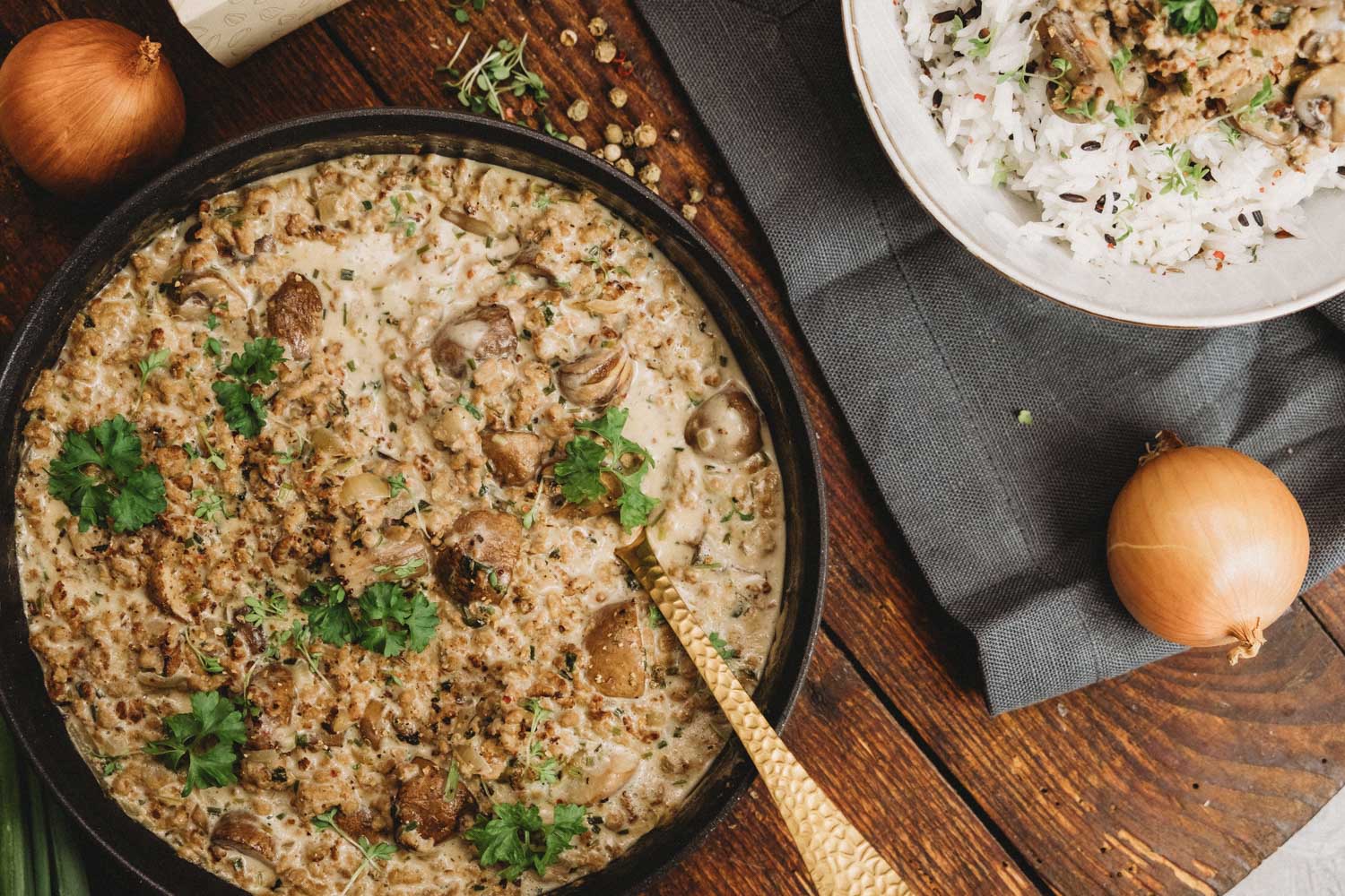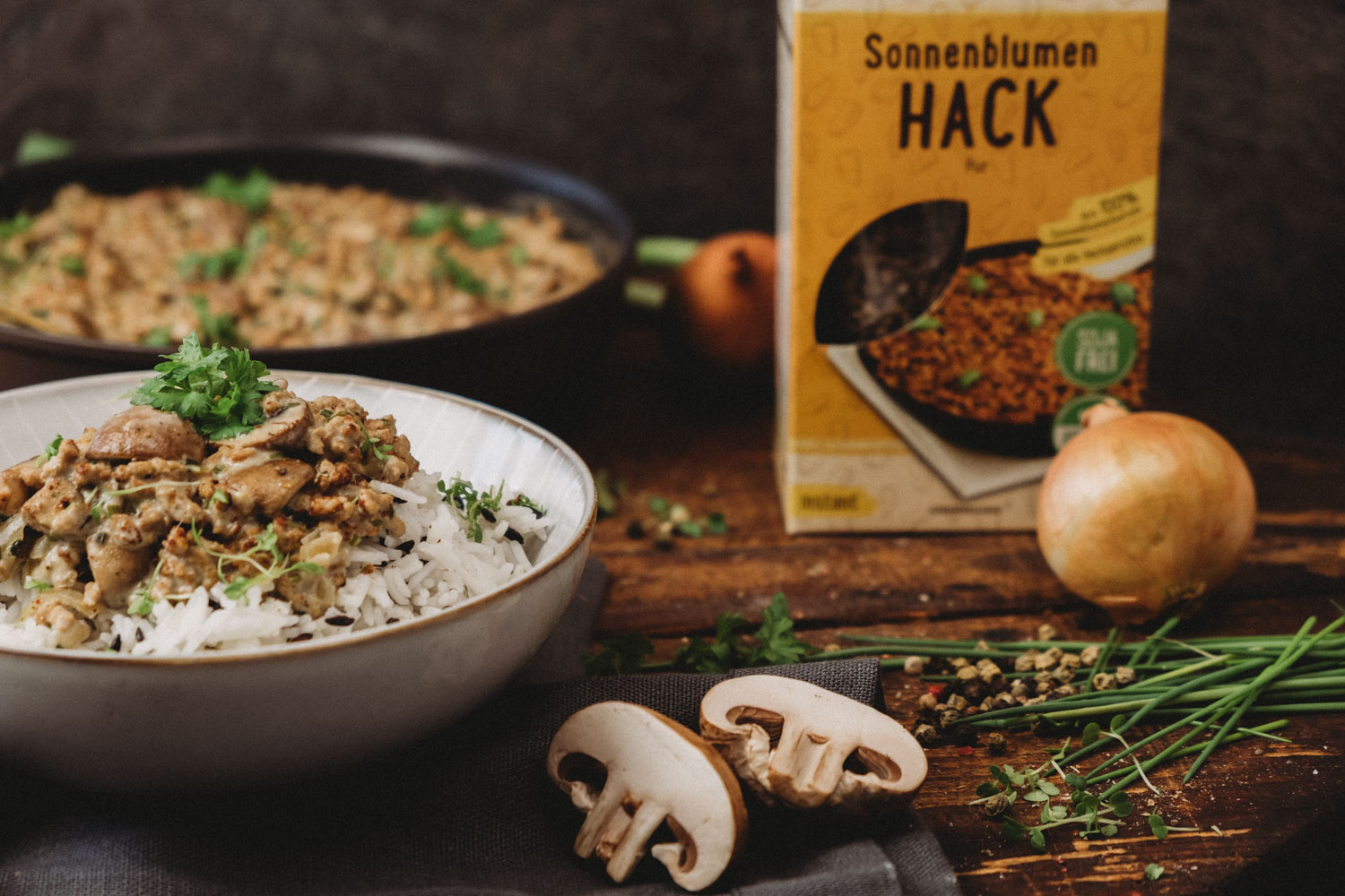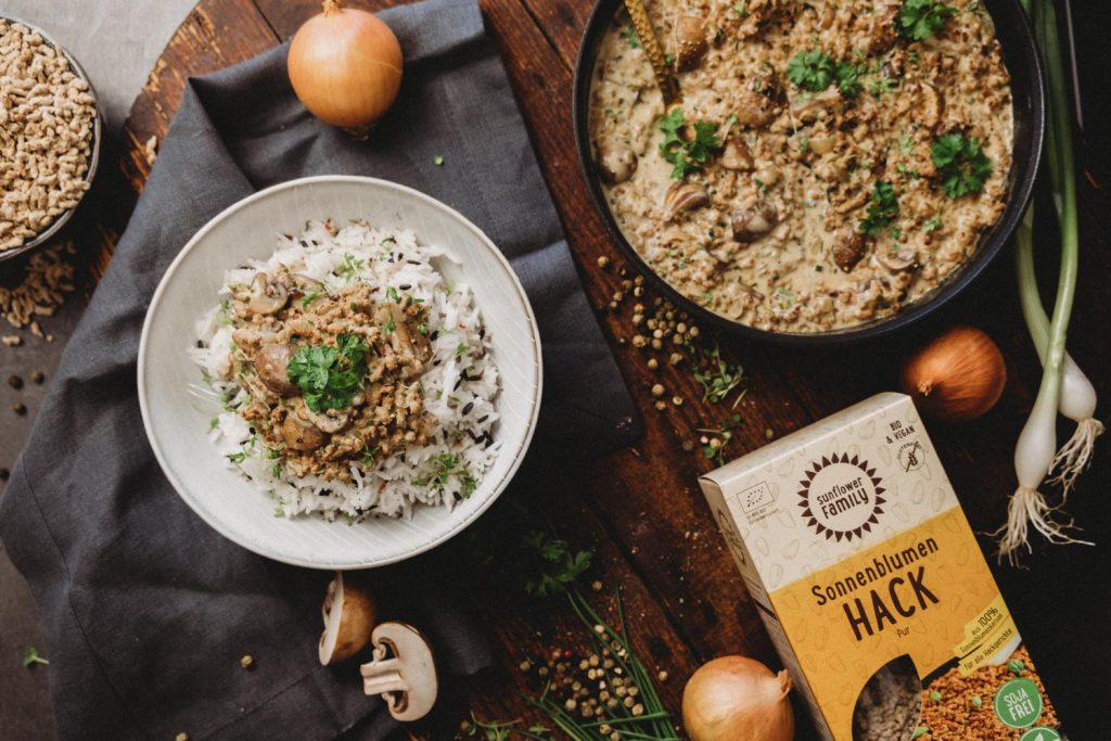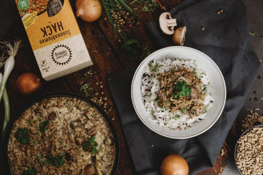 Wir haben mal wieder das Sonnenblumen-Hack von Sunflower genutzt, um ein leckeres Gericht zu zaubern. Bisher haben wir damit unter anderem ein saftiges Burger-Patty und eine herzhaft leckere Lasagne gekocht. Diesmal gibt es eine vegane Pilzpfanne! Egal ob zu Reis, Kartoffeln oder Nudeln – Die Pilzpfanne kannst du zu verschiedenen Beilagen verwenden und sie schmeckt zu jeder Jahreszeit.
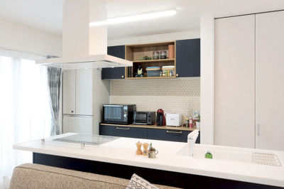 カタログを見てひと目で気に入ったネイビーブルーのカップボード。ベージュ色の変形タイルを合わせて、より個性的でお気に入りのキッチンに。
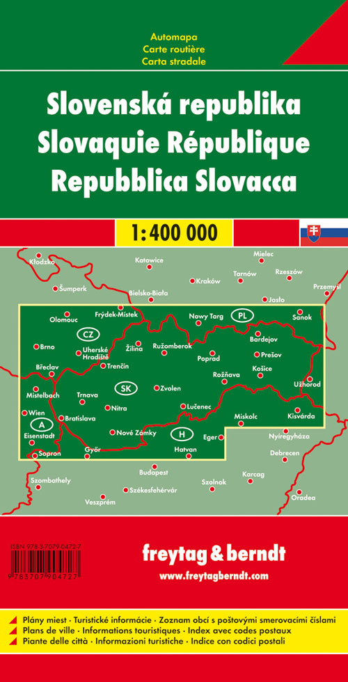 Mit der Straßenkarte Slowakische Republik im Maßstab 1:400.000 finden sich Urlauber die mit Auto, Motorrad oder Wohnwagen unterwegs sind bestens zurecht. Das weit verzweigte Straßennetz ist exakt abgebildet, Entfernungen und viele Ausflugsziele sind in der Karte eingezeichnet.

→ ACTION ITEM
All of the data should come back exactly as written, but without pictures.

→ ANSWER FOR THIS EXERCISE
 Wir haben mal wieder das Sonnenblumen-Hack von Sunflower genutzt, um ein leckeres Gericht zu zaubern. Bisher haben wir damit unter anderem ein saftiges Burger-Patty und eine herzhaft leckere Lasagne gekocht. Diesmal gibt es eine vegane Pilzpfanne! Egal ob zu Reis, Kartoffeln oder Nudeln – Die Pilzpfanne kannst du zu verschiedenen Beilagen verwenden und sie schmeckt zu jeder Jahreszeit.
 カタログを見てひと目で気に入ったネイビーブルーのカップボード。ベージュ色の変形タイルを合わせて、より個性的でお気に入りのキッチンに。
 Mit der Straßenkarte Slowakische Republik im Maßstab 1:400.000 finden sich Urlauber die mit Auto, Motorrad oder Wohnwagen unterwegs sind bestens zurecht. Das weit verzweigte Straßennetz ist exakt abgebildet, Entfernungen und viele Ausflugsziele sind in der Karte eingezeichnet.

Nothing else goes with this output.